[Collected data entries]
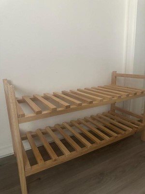 [This review was collected as part of a promotion.] I was desperate for a solution to the shoe clutter that always accumulates right inside our front door, and this two-tier shoe rack has been the perfect answer. It's a fantastic blend of form and function, and I couldn't be happier with the purchase. Quality & Assembly (5/5) First off, assembly was incredibly simple. The instructions were clear, and I had the entire rack put together in less than ten minutes with just the included tools. It immediately felt sturdy and stable—no wobble at all, even when fully loaded. The natural wood finish is beautiful; it looks far more expensive than it is and perfectly complements our entryway decor. Capacity & Design (5/5) As you can see, this compact design handles our needs perfectly. The two tiers comfortably hold about 6 to 8 pairs of adult shoes (sneakers, boots, and flats). We even found that the space underneath the bottom shelf is useful for quickly tucking away slippers. It takes up minimal space while maximizing storage, instantly transforming a messy corner into a neat and welcoming area. If you're looking for an attractive, well-built, and space-saving solution to tame your entryway chaos, I highly recommend this rack. It truly makes a difference!
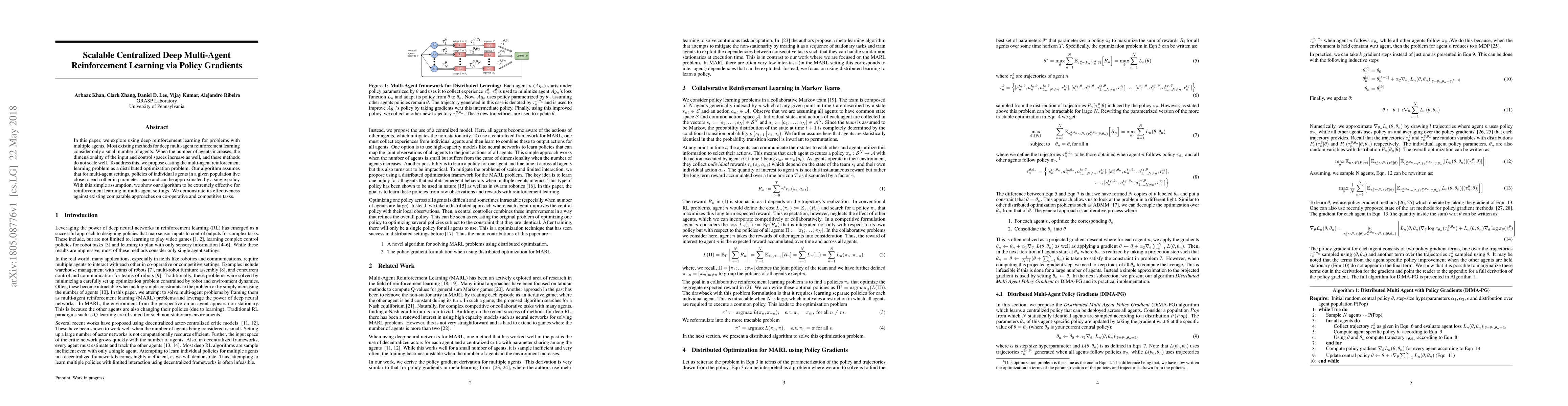 This paper proposes a scalable centralized deep multi-agent reinforcement learning algorithm based on policy gradients, addressing the scalability issue of existing methods for large numbers of agents by using a distributed optimization approach and a single approximating policy. The algorithm is shown to outperform comparable methods in both cooperative and competitive tasks.
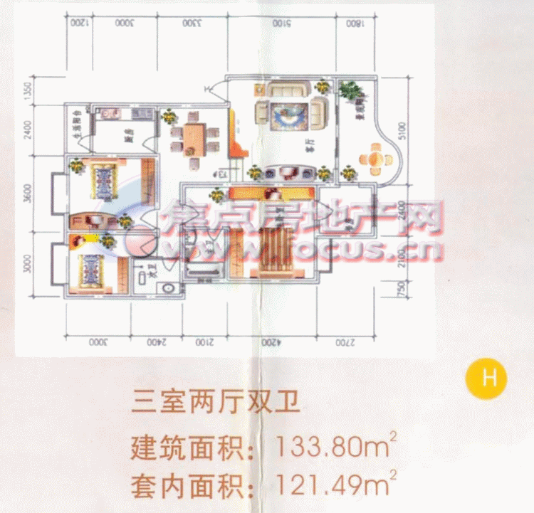 3室2厅2卫-H型错层三室两厅双卫121.49㎡
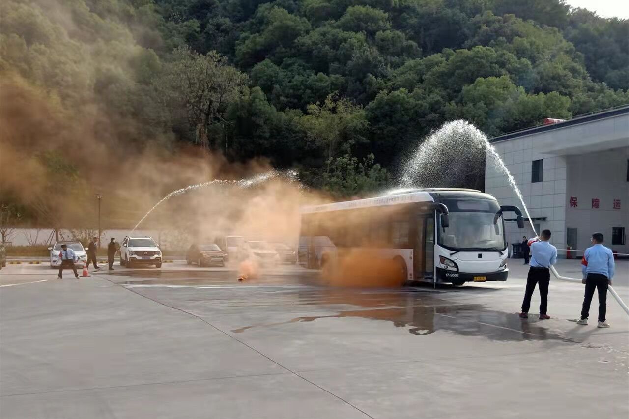 此次活動模擬了“公交中心站公交車輛起火”的真實場景:北干停車場內,保安在巡邏過程中發現一輛公交車發生自燃,著火點位于發動機處。發現火情后,該保安立即展開自救并示意同事按響停車場警報鈴,同時撥打火警電話“119”進行報警;在聽到場站警鈴后,北干停車場義務消防分隊迅速開展第二波搶救并逐級上報;在總指揮指示下立即啟動消防突發事件聯動應急預案,同時迅速召集各搶險施救小組及義務消防隊員趕至現場進行滅火處置;火勢得到有效控制后熄滅,隨后義務消防隊員清理現場,恢復秩序。整個演練中各環節配合連貫、協調到位,實現了快速發現、及時救援、指揮高效的預期效果。
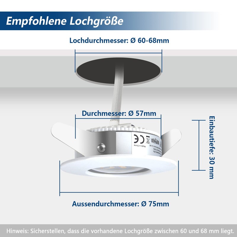 - Ultra-thin integrated design: LED recessed light with a thickness of only 30 mm, a diameter of 75 mm, an opening diameter of 68 mm and a installation depth of 30 mm.
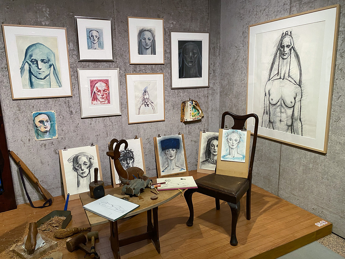 会場の隅には、舟越のアトリエも一部再現されています。机の天板や木槌などは、実際に舟越が使っているものです。
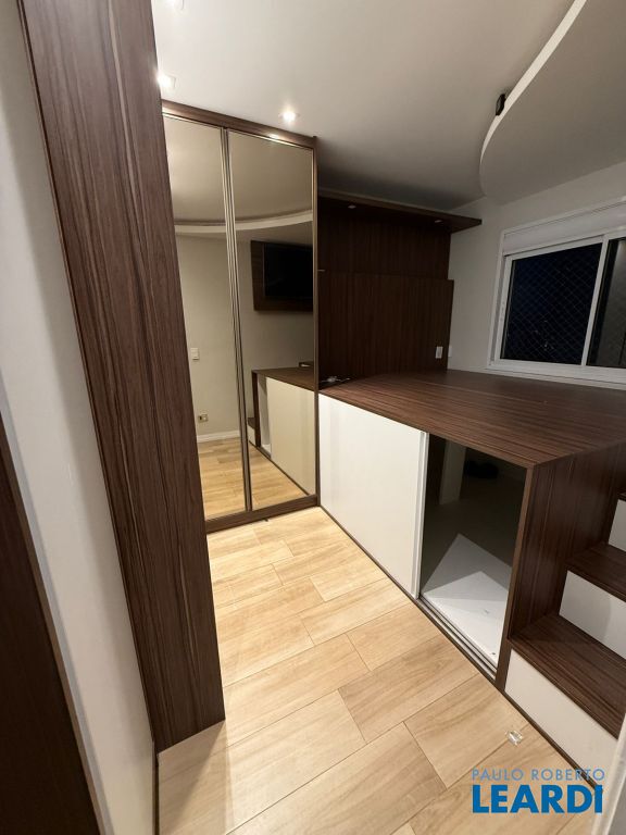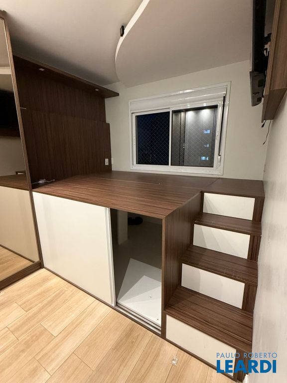 Um dos dormitórios dispõe de cama de casal suspensa, com espaço inferior para armazenamento de malas e objetos, otimizando a área útil.

**Exercise objective**
Images are to be excluded, and each record above written out word for word.

**Response to the exercise**
 [This review was collected as part of a promotion.] I was desperate for a solution to the shoe clutter that always accumulates right inside our front door, and this two-tier shoe rack has been the perfect answer. It's a fantastic blend of form and function, and I couldn't be happier with the purchase. Quality & Assembly (5/5) First off, assembly was incredibly simple. The instructions were clear, and I had the entire rack put together in less than ten minutes with just the included tools. It immediately felt sturdy and stable—no wobble at all, even when fully loaded. The natural wood finish is beautiful; it looks far more expensive than it is and perfectly complements our entryway decor. Capacity & Design (5/5) As you can see, this compact design handles our needs perfectly. The two tiers comfortably hold about 6 to 8 pairs of adult shoes (sneakers, boots, and flats). We even found that the space underneath the bottom shelf is useful for quickly tucking away slippers. It takes up minimal space while maximizing storage, instantly transforming a messy corner into a neat and welcoming area. If you're looking for an attractive, well-built, and space-saving solution to tame your entryway chaos, I highly recommend this rack. It truly makes a difference!
 This paper proposes a scalable centralized deep multi-agent reinforcement learning algorithm based on policy gradients, addressing the scalability issue of existing methods for large numbers of agents by using a distributed optimization approach and a single approximating policy. The algorithm is shown to outperform comparable methods in both cooperative and competitive tasks.
 3室2厅2卫-H型错层三室两厅双卫121.49㎡
 此次活動模擬了“公交中心站公交車輛起火”的真實場景:北干停車場內,保安在巡邏過程中發現一輛公交車發生自燃,著火點位于發動機處。發現火情后,該保安立即展開自救并示意同事按響停車場警報鈴,同時撥打火警電話“119”進行報警;在聽到場站警鈴后,北干停車場義務消防分隊迅速開展第二波搶救并逐級上報;在總指揮指示下立即啟動消防突發事件聯動應急預案,同時迅速召集各搶險施救小組及義務消防隊員趕至現場進行滅火處置;火勢得到有效控制后熄滅,隨后義務消防隊員清理現場,恢復秩序。整個演練中各環節配合連貫、協調到位,實現了快速發現、及時救援、指揮高效的預期效果。
 - Ultra-thin integrated design: LED recessed light with a thickness of only 30 mm, a diameter of 75 mm, an opening diameter of 68 mm and a installation depth of 30 mm.
 会場の隅には、舟越のアトリエも一部再現されています。机の天板や木槌などは、実際に舟越が使っているものです。
 Um dos dormitórios dispõe de cama de casal suspensa, com espaço inferior para armazenamento de malas e objetos, otimizando a área útil.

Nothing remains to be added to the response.